Personal information
- Nationality: Australia
- Born: 22 May 1976 (age 50) Brisbane, Queensland

Medal record
Swimming
Paralympic Games
| Silver medal – second place | 2000 Sydney | Women's 100 m Breaststroke SB7 |
IPC Swimming World Championships
| Silver medal – second place | 1998 Christchurch | Women's 100 m Breaststroke SB7 |

= Tamara Nowitzki =

Australian Paralympic swimmer

Tamara Leigh Nowitzki (born 22 May 1976) is a Paralympic swimming competitor from Australia and a silver medalist at the 2000 Sydney Paralympics.

==Personal==
She was born in Brisbane. At the age of 13 months she was diagnosed with cerebral palsy. Nowitzki attended Ferny Grove High School. She was diagnosed with Dopa-responsive dystonia when she was 25 years old.

==Career==
At the 1996 Atlanta Paralympics, she finished fifth in the Women's 100 m Breaststroke SB7. Nowitzki went on to win a silver medal at the 2000 Sydney Games in the Women's 100 m Breaststroke SB7 event.
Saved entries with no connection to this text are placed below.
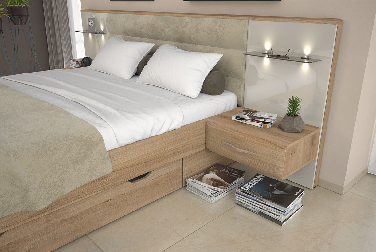 Легло с тапицирана табла KR160-GL: 166x100x221 см за матрак 160х200 см (възможност за легло 180х200) (чекмеджета може да закупите от опциите допълнително)
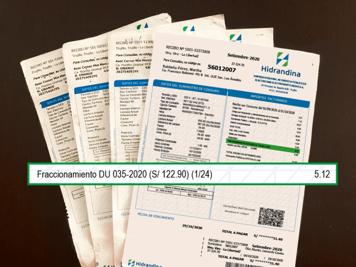 La empresa Hidrandina informó que la aplicación del fraccionamiento de deuda, como facilidad de pago para algunos clientes, obedece a los Decreto de Urgencia 035-2020, 074-2020 y 062-2020, esto se realiza de forma automática en los recibos de los beneficiarios.
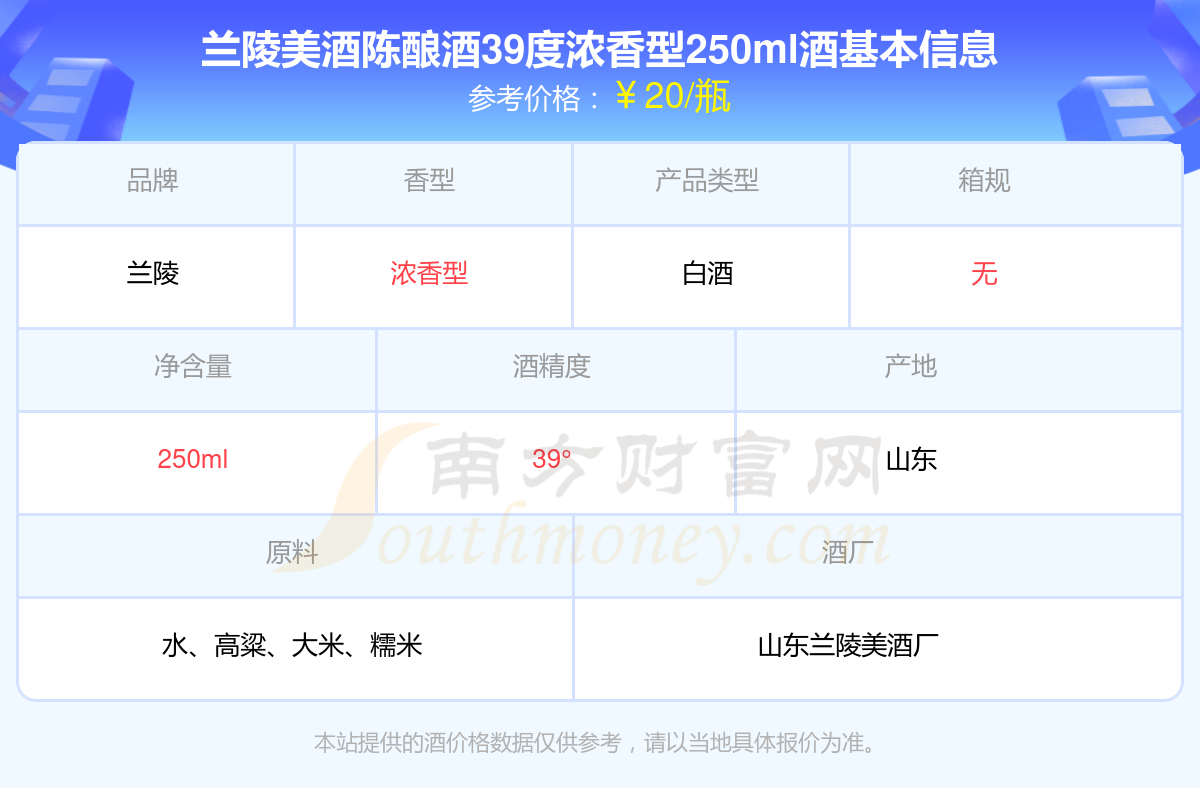 蘭陵美酒陳釀酒39度濃香型250ml基本信息
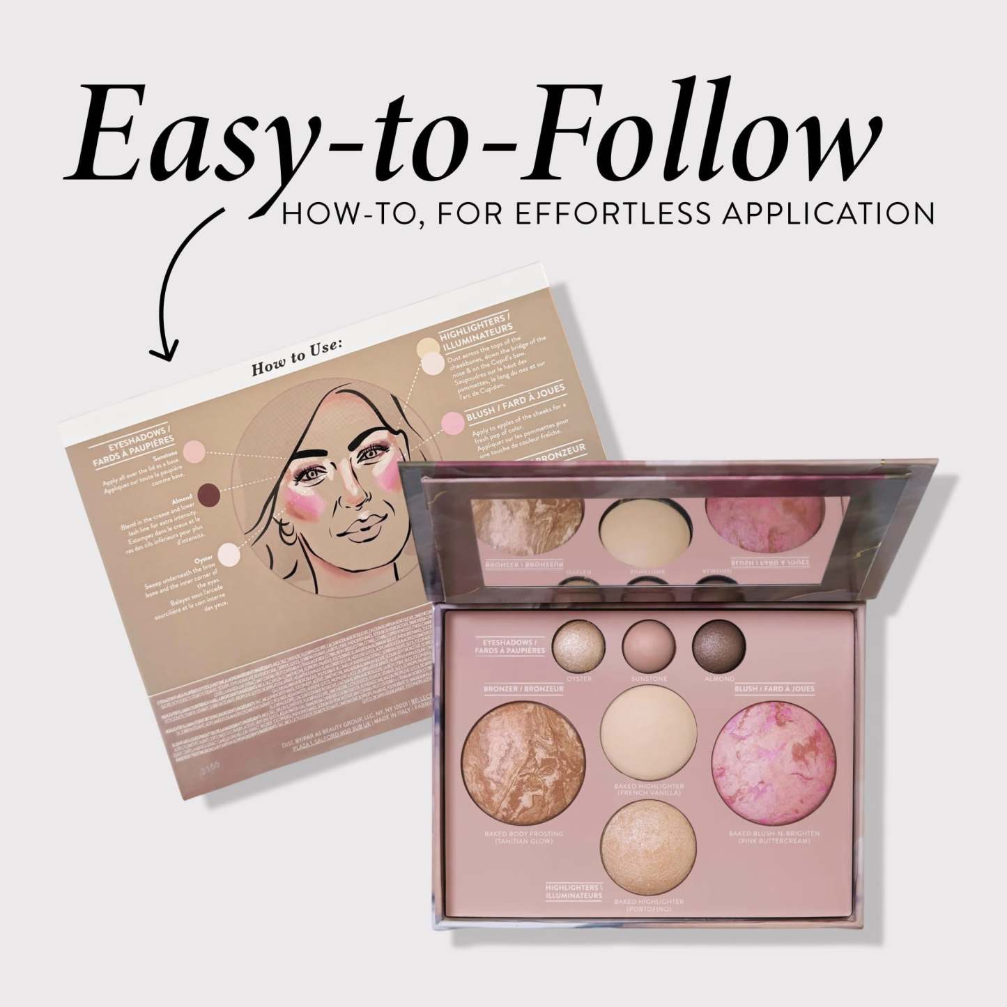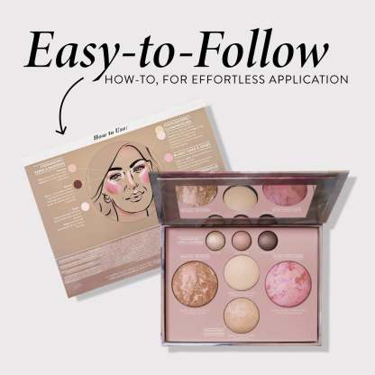 This palette delivers you the perfect essentials to complete your face in one convenient, easy-to-use place. Featuring our bestselling full-sized baked products, including three baked eyeshadows in Oyster, Sunstone, and Almond, Baked Highlighter in French Vanilla and Portofino, Baked Blush-n-Brighten in Pink Buttercream and Baked Body Frosting Bronzer in Tahitian Glow – all universal shades that work for any skin tone! These versatile, highly pigmented products sculpt, define, and highlight your features for flawless, all-day wear. Just start with your favorite foundation, add your favorite mascara and you’re ready to go!
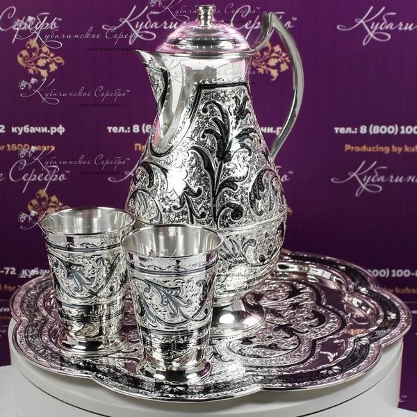 - Диаметр: Кувшина 12,5 см, стакана 6,9 см, подноса 33 см
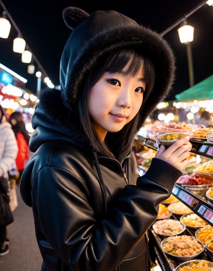 ("Try it" from other user) - A woman in a black hoodie and jacket is browsing a night market with food stalls in the background.

At the 2000 Paralympics she was coached by Brendan Keogh.

==Recognition==

In 2000, she was awarded the Australian Sports Medal and in 2013 she was recognised at the Dickson Citizen of the Year.

In 2012 Nowitzki released her autobiography 'No Ordinary Girl' to raise awareness of the rare condition Dopa-responsive Dystonia which is often misdiagnosed as cerebral palsy and to reduce the stigma surrounding mental illness.